I resumed talk therapy, this time with another therapist, in 2014, after the second round of depression with added anxiety. He was a very helpful and kind listener, who respected my lack of religious belief, encouraged me to follow my passions, and gave advice as to how to alleviate some of my symptoms. While I no longer see him, I’m in the process of finding another therapist. I’ve also continued meditating, this time focusing on the practices of Mindfulness.
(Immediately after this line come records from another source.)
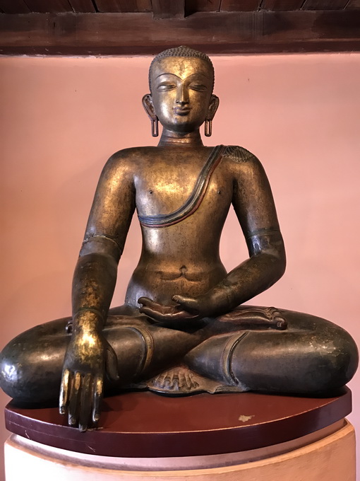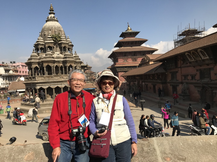 遗憾的是,由于2015年8级地震的严重破坏,我们看到很多寺庙都是脚手架矗立,处于修复和建设过程中。然而,我们还有意外的收获。本来导游仅给了我们二十分钟的时间在广场拍照,但是我和赵建平不经意地发现了王宫博物馆,且博物馆的门票是含在我们已买的票价中的。博物馆门卫主动地带我们去找导游,并解释情况。博物馆曾经是王宫的一部分。因此,我们不仅从博物馆无数珍藏的展品上了解印度教和佛教的宗教艺术和文化,欣赏17世纪至19世纪王宫收藏和民间收藏的佛像木雕、铜雕和金雕,而且也部分参观了曾经的王宫。王宫博物馆的规模、收藏的珍品数量,文字的介绍,都令我们惊喜和大开眼界。从大到印度教不同的神、小到印度神和佛不同的手势和姿势的寓意,文字解释都非常详细,是我们看到的最好的博物馆之一。但因时间较紧,我们只能匆匆拍照,不可能细细参观。但40分钟已经让我们大饱眼福了。
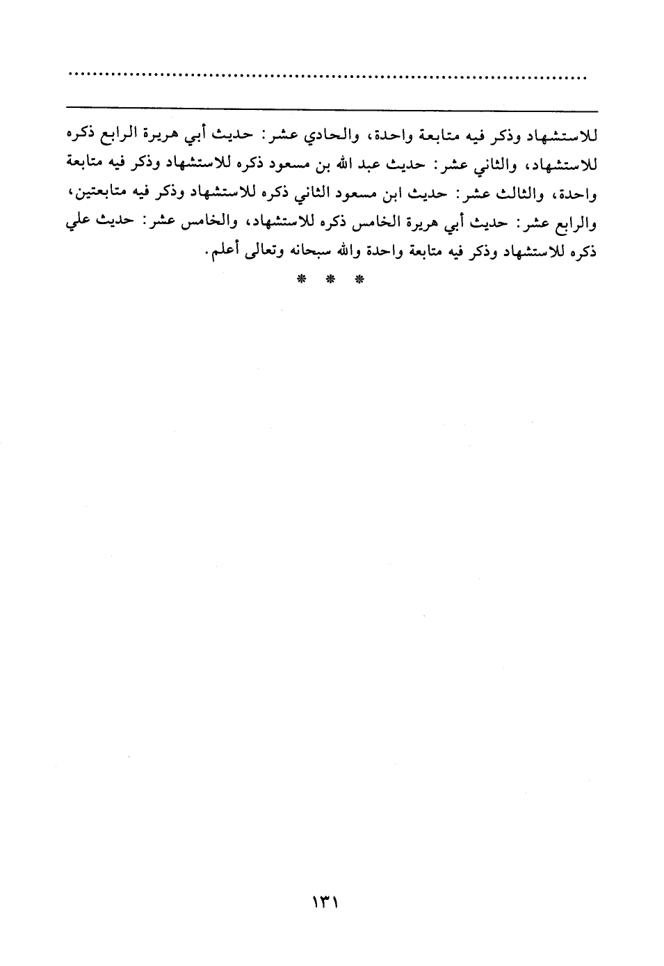 للاستشهاد وذكر فيه متابعة واحدة، والحادي عشر: حديث أبي هريرة الرابع ذكره للاستشهاد، والثاني عشر: حديث عبد الله بن مسعود ذكره للاستشهاد وذكر فيه متابعة واحدة، والثالث عشر: حديث ابن مسعود الثاني ذكره للاستشهاد وذكر فيه متابعتين، والرابع عشر: حديث أبي هريرة الخاص ذكره للاستشهاد، والخامس عشر: حديث علي ذكره للاستشهاد وذكر فيه متابعة واحدة والله سبحانه وتعالى أعلم.
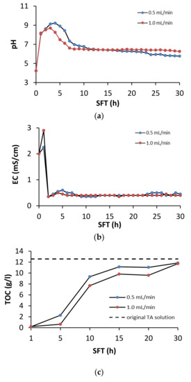 Effect of soil flushing time (SFT) on (a) pH, (b) EC and (c) dissolved TOC in TA leachate from the column reactor.
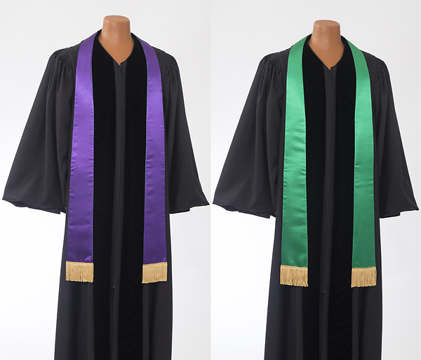 The quality, versatility, and value of this long-wearing satin reversible Purple/Green Stole make one of our most popular stoles. Gold-fringed edge; 92" long, 4 1/2" wide; tapers to 1 3/4" at the neck.
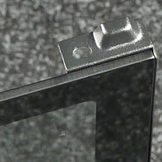 Левая боковая стенка выполнена из закаленного стекла со стальными накладками. Система крепления — гильотинного типа: стенка вставляется сверху вниз, где есть зацеп, благодаря которому она и фиксируется.
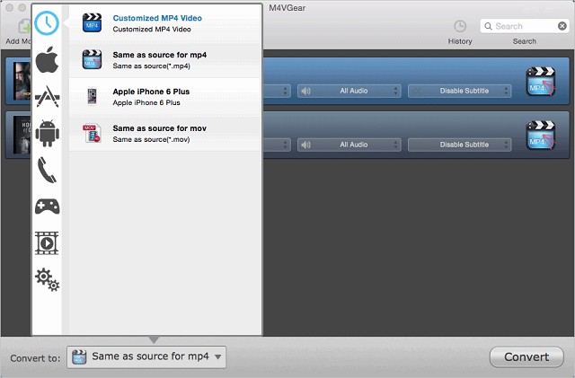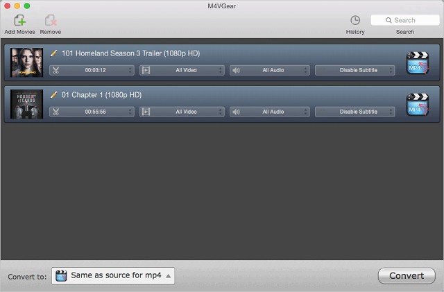 M4VGear Converter for Mac is one of the best Apple Music DRM removal tools for Mac software programs that can remove DRM protection and convert iTunes videos to non-DRM videos in formats like MP4, MOV, M4V, MPG, AVI, and more. There are also some optimized presets, which allow you to convert the iTunes resources to devices like iPhone 6, Apple TV, iPad, Samsung Galaxy, and more. The removal would be lossless if you choose the output video format as MP4 or M4V. Same with DVDFab Mac DRM Removal for Apple, M4VGear DRM remover Mac program supports both iTunes purchases and rentals, but it cannot deal with the FairPlay DRM on iTunes Music.
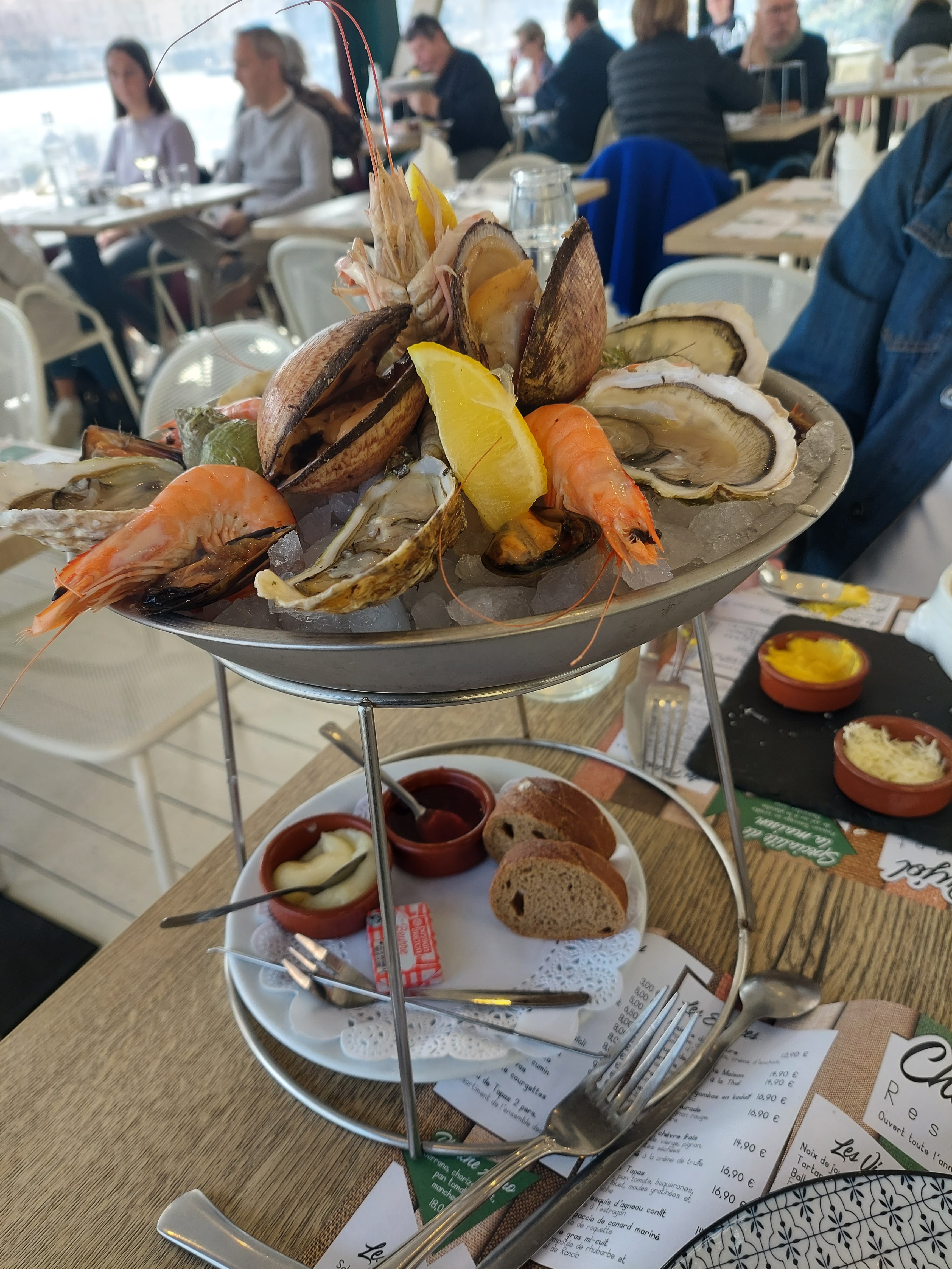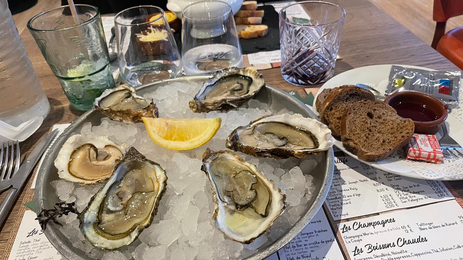 Plateau de fruits de mer composé par nous à la carte excellent! Vin servi frais et délicieux Prix raisonnable et service par une petite serveuse très sympathique et attentionnée Je recommande Notre visite était le dimanche 20 février Réservation recommandée je pense
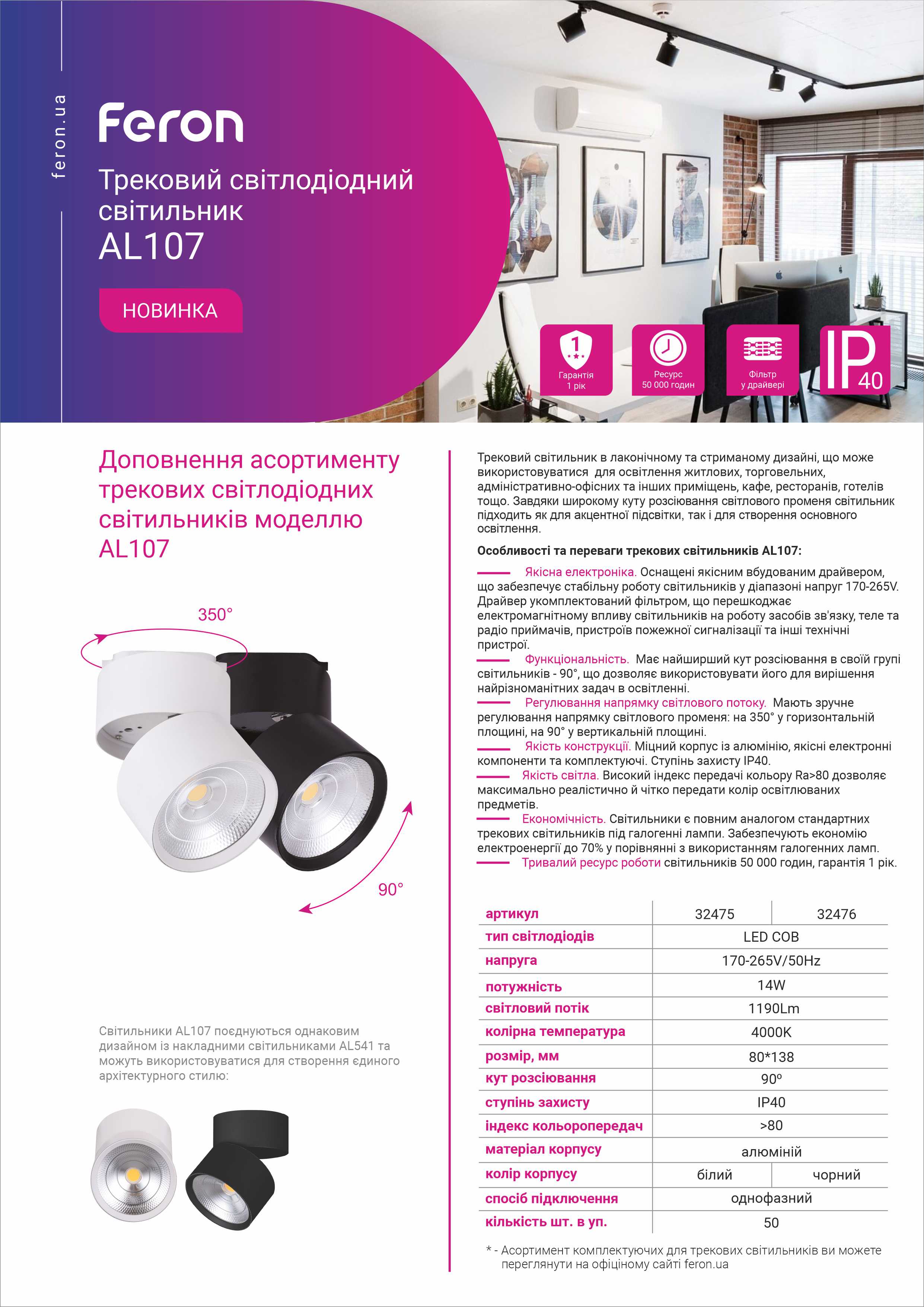 | Тип світильника | трековий |
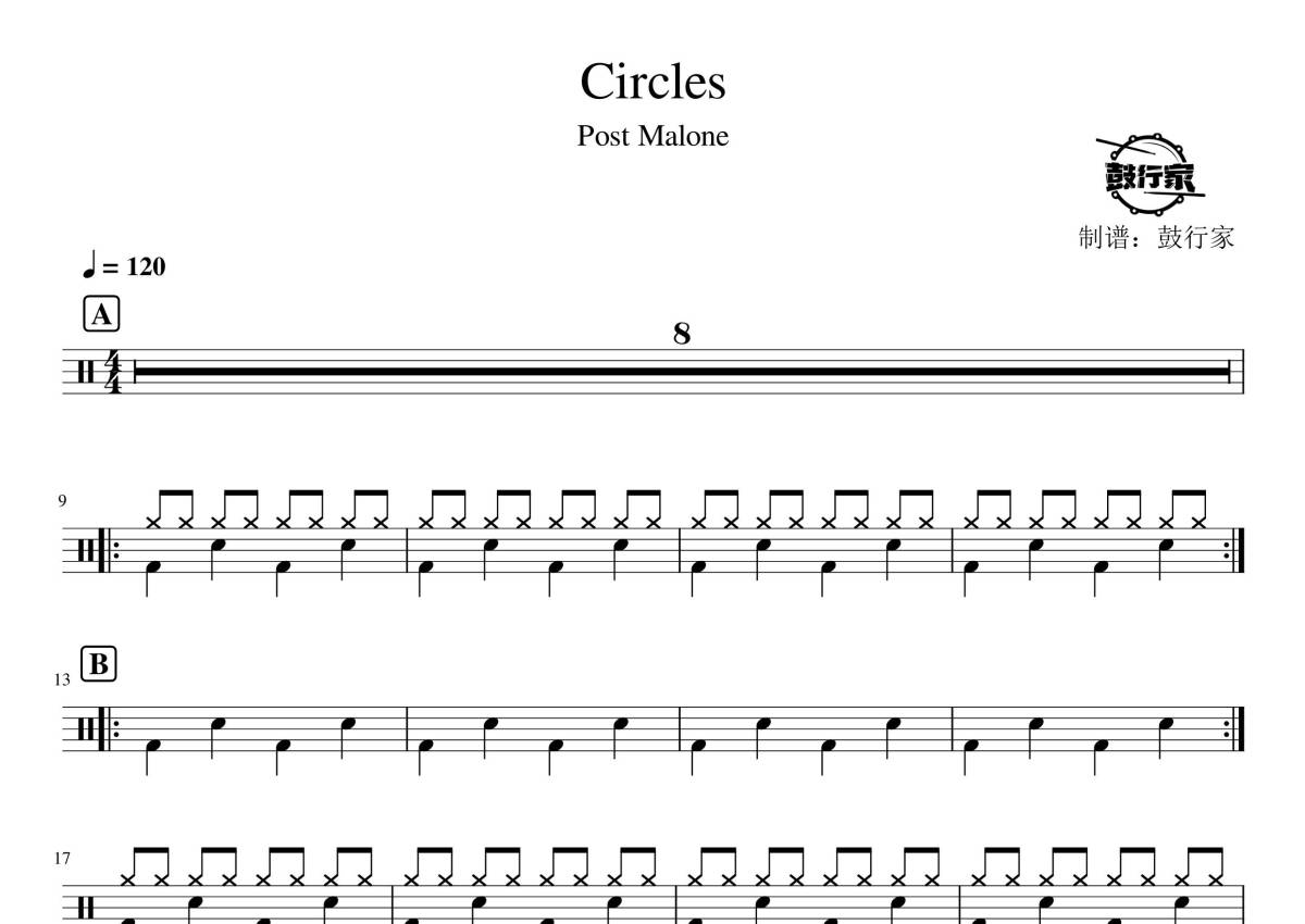 Post Malone《Circles》鼓谱 - 架子鼓谱

So, if you’ve read this far, you’re probably wondering what this has to do with atheism? For me, everything. When I lost my religious inclinations in 2009, I began to explore the world as it is, not how I wanted it to be. I no longer expected the world or the universe to care about me, because they don’t. The person who is calling the shots in your life is you; atheism is the realization that your life belongs to you. It doesn’t belong to the state, it doesn’t belong to the church. It’s yours to make worthwhile. This was a revelation to me (pardon the religious phrasing). Once I realized that my life was mine to mold as I wish, I had a renewed sense of purpose that reinvigorated my self-esteem and helped me with my depression and anxiety.
This is what a secular, atheist, and broadly humanist outlook on the world has given me. When people say that life is purposeless without God, they are working with a poverty of ambition. When you understand that life is precious, that each moment can be used to laugh, to love, to live, to speak, to think, and to be down once in a while, it gives you the resolve to be better. Realizing that chemistry, biology, and society, not sin or karma, were responsible for my depression and anxiety gave me the necessary tools to live a fulfilling life. As the author Andrew Solomon once wrote, “The opposite of depression is not happiness, but vitality.” Vitality is what we should strive for, not mere contentment. I’m not happy every waking moment of my day. Hell, no one is. But what I am trying to be is vital, thriving, and dedicated to my own values.
For those who suffer from depression and anxiety, it can get better. There are people who love you and will support you if you ask for their help. There are medical and psychiatric professionals who are there to help you get better. The world can be a beautiful and rewarding place if you face it head-on and not cave to superstition or wishful thinking. Clear and honest reasoning about your own troubles is difficult, but in doing so, you can combat almost any inner struggles you have. My atheism has helped me understand and then care for my depression and anxiety, because I’m not waiting for someone to help me from the sky. I know it’s upon me to take the path that I know will make my life better. It isn’t easy, nor is it the be-all, end-all solution, but being a reasonable person in an often unreasonable world will push back the inner demons. It did, at least, for me.